Particularly preferably, the metal powder coated according to the
invention is used for preparing water-based pyrotechnic active
compositions.
The invention is explained by the examples which follow.
EXAMPLE 1
Magnesium powder was provided with a stabilizing coating. A magnesium
powder having an average particle size of 90 to 140 .mu.m was used. 9.0 kg
of this magnesium powder were fluidized in a vacuum fluidized bed. A
solution of 3.5% of 1:2 methacrylic acid/methyl methacrylate copolymer in
acetone/methanol (12%:88%) was sprayed on. In doing this, the following
process conditions were maintained:
______________________________________
System pressure: about 250 mbar
Gas inlet temperature:
about 90.degree. C.
Spraying pressure: about 40 bar
Spraying rate: about 80 g/minute
Temperature of the about 60.degree. C.
spraying solution:
Condensation temperature:
about -35.degree. C.
______________________________________
After spraying of 2.57 kg, 5.14 kg and 7.71 kg of solution, samples were
taken without interrupting the process. This corresponded to an applied
film of 1%, 2% and 3%.
Stability tests were carried out on these samples, 300 mg in each case of
uncoated magnesium and magnesium coated with 1%, 2% and 3% being
investigated. For this purpose, the sample material was transferred into a
500 ml two-necked flask which was standing up to the attached ground joint
in a water bath thermostatically controlled at 25.degree. C. The
two-necked flask provided with a 100 ml dropping funnel was connected via
a hose connection to a thermostatically controlled burette. The latter was
in turn provided with a pressure balance vessel. Water was used as the
barrier fluid in the burette and in the pressure balance vessel. Before
the start of the measurement, the level in the burette was equalized.

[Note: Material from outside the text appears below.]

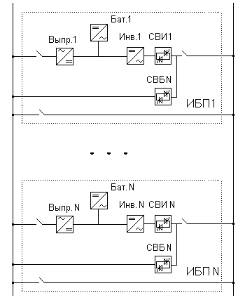 Рис.20. Параллельная работа ИБП На рисунке приведена схема параллельной системы с раздельными сервисными байпасами. Схема система с общим байпасом вполне ясна и без чертежа. Ее особенностью является то, что для переключения системы в целом на сервисный байпас нужно управлять одним переключателем вместо нескольких. На рисунке предполагается, что между ИБП 1 и ИБП N Могут располагаться другие ИБП. Разные производителю (и для разных моделей) устанавливают свои максимальные количества параллеьно работающих ИБП. Насколько мне известно, эта величина изменяется от 2 до 8. Все ИБП параллельной системы работают на общую нагрузку. Суммарная мощность параллельной системы равна произведению мощности одного ИБП на количество ИБП в системе. Таким образом параллельная работа нескольких ИБП может применяться (и в основном применяется) не столько для увеличения надежности системы бесперебойного питания, но для увеличения ее мощности. Рассмотрим режимы работы параллельной системы. Нормальная работа (работа от сети). Надежность Когда в сети есть напряжение, достаточное для нормальной работы, выпрямители всех ИБП преобразуют переменное напряжение сети в постоянное, заряжая батареи и питая инверторы. Инверторы, в свою очередь, преобразуют постоянное напряжение в переменное и питают нагрузку. Специальная управляющая электроника параллельной системы следит за равномерным распределением нагрузки между ИБП. В некоторых ИБП распределение нагрузки между ИБП производится без использования специальной параллельной электроники. Такие приборы выпускаются "готовыми к параллельной работе", и для использования их в параллельной системе достаточно установить плату синхронизации. Есть и ИБП, работающие параллельго без специальной электроники. В таком случае количество параллельно работающих ИБП - не более двух. В рассматриваемом режиме работы в системе допустимо несколько сбоев. Их количество зависит от числа ИБП в системе и действующей нагрузки. Пусть в системе 3 ИБП мощностью по 100 кВА, а нагрузка равна 90 кВА. При таком соотношении числа ИБП и их мощностей в системе допустимы следующие сбои. Сбой питания (исчезновение напряжения в сети). Выход из строя любого из инверторов, скажем для определенности, инвертора 1. Нагрузка распределяется между двумя другими ИБП. Если в сети есть напряжение, все выпрямители системы работают Выход из строя инвертора 2. Нагрузка питается от инвертора 3, поскольку мощность, потребляемая нагрузкой меньше мощности одного ИБП. Если в сети есть напряжение, все выпрямители системы продолжают работать. Выход из строя инвертора 3. Система переключается на работу через статический байпас. Нагрузка питается напрямую от сети. При наличии в сети нормального напряжения, все выпрямители работают и продолжают заряжать батареи. При любом последующем сбое (поломке статического байпаса или сбое сети) питание нагрузки прекращается. Для того, чтобы параллельная система допускала большое число сбоев, система должна быть сильно недогружена и должна включать большое число ИБП. Например, если нагрузка в приведенном выше примере будет составлять 250 кВА, то система допускает только один сбой: сбой сети или поломку инвертора. В отношении количества допустимых сбоев такая система эквивалентна одиночному ИБП. Это, кстати, не значит, что на

After the temperature had been equalized at 25.degree. C. throughout the
apparatus, 50.0 ml of a 0.1N hydrochloric acid were rapidly added from the
dropping funnel to the sample previously introduced. The time-dependent
evolution of hydrogen was then determined by simply reading off the water
volume displaced in the burette. The result is given as the quotient
m.sub.W /m.sub.E of the hydrogen evolution m.sub.W (D.sub.25 =0.1 m/ml)
and the quantity weighed m.sub.E.
Under the conditions indicated, an agglomeration of particles took place,
with the formation of stable secondary agglomerates. The average grain
size was thereby increased from about 120 .mu.m to about 310 .mu.m. As a
result, the flow properties of the coated magnesium powder were
substantially improved. The samples were not screened for the evaluation.
In the case of the uncoated magnesium powder, the evolution of hydrogen was
so vigorous, that the measuring capacity of the burette (50 ml) was
exceeded in the first minute after addition of the 0.1N hydrochloric acid.
BRIEF DESCRIPTION OF THE DRAWING
The figure shows a diagram in which the results are plotted for the
hydrogen evolution m.sub.W /m.sub.E related to the quantity weighed for
the magnesium powder coated with 1%, 2% and 3%, and for the uncoated
magnesium powder. There are only slight differences in the hydrogen
evolution for 1% and 2% of coating quantity; however, there is a
significant delay as compared with the uncoated sample. A further
improvement takes place with the sample provided with a coating of 3%.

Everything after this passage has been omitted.